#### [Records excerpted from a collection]
--
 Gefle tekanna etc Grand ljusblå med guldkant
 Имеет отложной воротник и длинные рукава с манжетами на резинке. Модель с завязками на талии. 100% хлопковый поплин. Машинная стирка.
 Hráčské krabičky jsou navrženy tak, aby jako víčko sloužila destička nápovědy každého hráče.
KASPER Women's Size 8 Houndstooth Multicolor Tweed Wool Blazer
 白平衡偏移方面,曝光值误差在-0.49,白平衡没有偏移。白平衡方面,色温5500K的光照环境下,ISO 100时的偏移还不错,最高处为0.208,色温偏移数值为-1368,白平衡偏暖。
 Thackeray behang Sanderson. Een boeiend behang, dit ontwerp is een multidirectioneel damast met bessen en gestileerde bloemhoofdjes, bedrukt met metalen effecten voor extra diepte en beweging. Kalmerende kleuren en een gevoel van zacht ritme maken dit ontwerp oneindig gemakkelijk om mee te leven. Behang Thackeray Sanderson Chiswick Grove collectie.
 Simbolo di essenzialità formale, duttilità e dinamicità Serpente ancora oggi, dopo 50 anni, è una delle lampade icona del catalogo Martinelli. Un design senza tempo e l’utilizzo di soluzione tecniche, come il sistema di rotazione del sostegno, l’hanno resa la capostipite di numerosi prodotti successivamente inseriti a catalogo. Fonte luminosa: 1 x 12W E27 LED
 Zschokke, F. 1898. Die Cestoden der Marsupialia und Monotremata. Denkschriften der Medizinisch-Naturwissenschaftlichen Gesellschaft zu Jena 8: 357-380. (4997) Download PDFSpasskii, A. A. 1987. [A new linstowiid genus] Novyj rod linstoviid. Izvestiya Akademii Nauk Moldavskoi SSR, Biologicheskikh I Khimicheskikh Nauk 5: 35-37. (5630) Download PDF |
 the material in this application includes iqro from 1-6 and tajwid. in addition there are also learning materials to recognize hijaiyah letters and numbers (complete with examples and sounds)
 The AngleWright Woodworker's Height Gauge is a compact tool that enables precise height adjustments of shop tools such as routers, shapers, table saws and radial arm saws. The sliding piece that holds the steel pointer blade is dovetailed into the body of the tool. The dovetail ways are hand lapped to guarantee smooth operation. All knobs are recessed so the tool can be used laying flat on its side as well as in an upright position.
--
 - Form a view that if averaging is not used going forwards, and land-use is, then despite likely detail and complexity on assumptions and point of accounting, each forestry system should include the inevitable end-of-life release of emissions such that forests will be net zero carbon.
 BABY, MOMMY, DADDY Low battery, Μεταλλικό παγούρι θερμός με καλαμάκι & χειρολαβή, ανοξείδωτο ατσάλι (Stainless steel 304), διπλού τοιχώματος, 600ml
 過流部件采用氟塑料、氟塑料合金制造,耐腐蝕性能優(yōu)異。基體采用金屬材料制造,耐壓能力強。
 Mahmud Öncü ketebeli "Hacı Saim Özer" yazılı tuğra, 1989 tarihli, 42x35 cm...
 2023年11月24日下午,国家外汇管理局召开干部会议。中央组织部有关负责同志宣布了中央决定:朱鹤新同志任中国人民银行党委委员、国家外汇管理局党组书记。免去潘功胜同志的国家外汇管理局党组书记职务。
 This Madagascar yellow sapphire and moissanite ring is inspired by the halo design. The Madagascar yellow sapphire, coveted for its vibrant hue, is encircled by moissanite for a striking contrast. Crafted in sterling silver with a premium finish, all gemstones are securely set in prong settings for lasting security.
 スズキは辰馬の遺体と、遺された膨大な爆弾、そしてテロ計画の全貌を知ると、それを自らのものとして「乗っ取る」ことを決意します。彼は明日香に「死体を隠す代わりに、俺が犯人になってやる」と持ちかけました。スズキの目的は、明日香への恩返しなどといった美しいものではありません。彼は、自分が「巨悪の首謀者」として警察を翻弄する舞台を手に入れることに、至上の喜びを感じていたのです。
--
#### [WHAT THE EXERCISE ASKS]
Leave out every line above except those from the line with "- Form a view" up to and including the line with "スズキは辰馬の遺体と、遺され", and copy those exactly.

#### [ANSWER SPACE]
 - Form a view that if averaging is not used going forwards, and land-use is, then despite likely detail and complexity on assumptions and point of accounting, each forestry system should include the inevitable end-of-life release of emissions such that forests will be net zero carbon.
 BABY, MOMMY, DADDY Low battery, Μεταλλικό παγούρι θερμός με καλαμάκι & χειρολαβή, ανοξείδωτο ατσάλι (Stainless steel 304), διπλού τοιχώματος, 600ml
 過流部件采用氟塑料、氟塑料合金制造,耐腐蝕性能優(yōu)異。基體采用金屬材料制造,耐壓能力強。
 Mahmud Öncü ketebeli "Hacı Saim Özer" yazılı tuğra, 1989 tarihli, 42x35 cm...
 2023年11月24日下午,国家外汇管理局召开干部会议。中央组织部有关负责同志宣布了中央决定:朱鹤新同志任中国人民银行党委委员、国家外汇管理局党组书记。免去潘功胜同志的国家外汇管理局党组书记职务。
 This Madagascar yellow sapphire and moissanite ring is inspired by the halo design. The Madagascar yellow sapphire, coveted for its vibrant hue, is encircled by moissanite for a striking contrast. Crafted in sterling silver with a premium finish, all gemstones are securely set in prong settings for lasting security.
 スズキは辰馬の遺体と、遺された膨大な爆弾、そしてテロ計画の全貌を知ると、それを自らのものとして「乗っ取る」ことを決意します。彼は明日香に「死体を隠す代わりに、俺が犯人になってやる」と持ちかけました。スズキの目的は、明日香への恩返しなどといった美しいものではありません。彼は、自分が「巨悪の首謀者」として警察を翻弄する舞台を手に入れることに、至上の喜びを感じていたのです。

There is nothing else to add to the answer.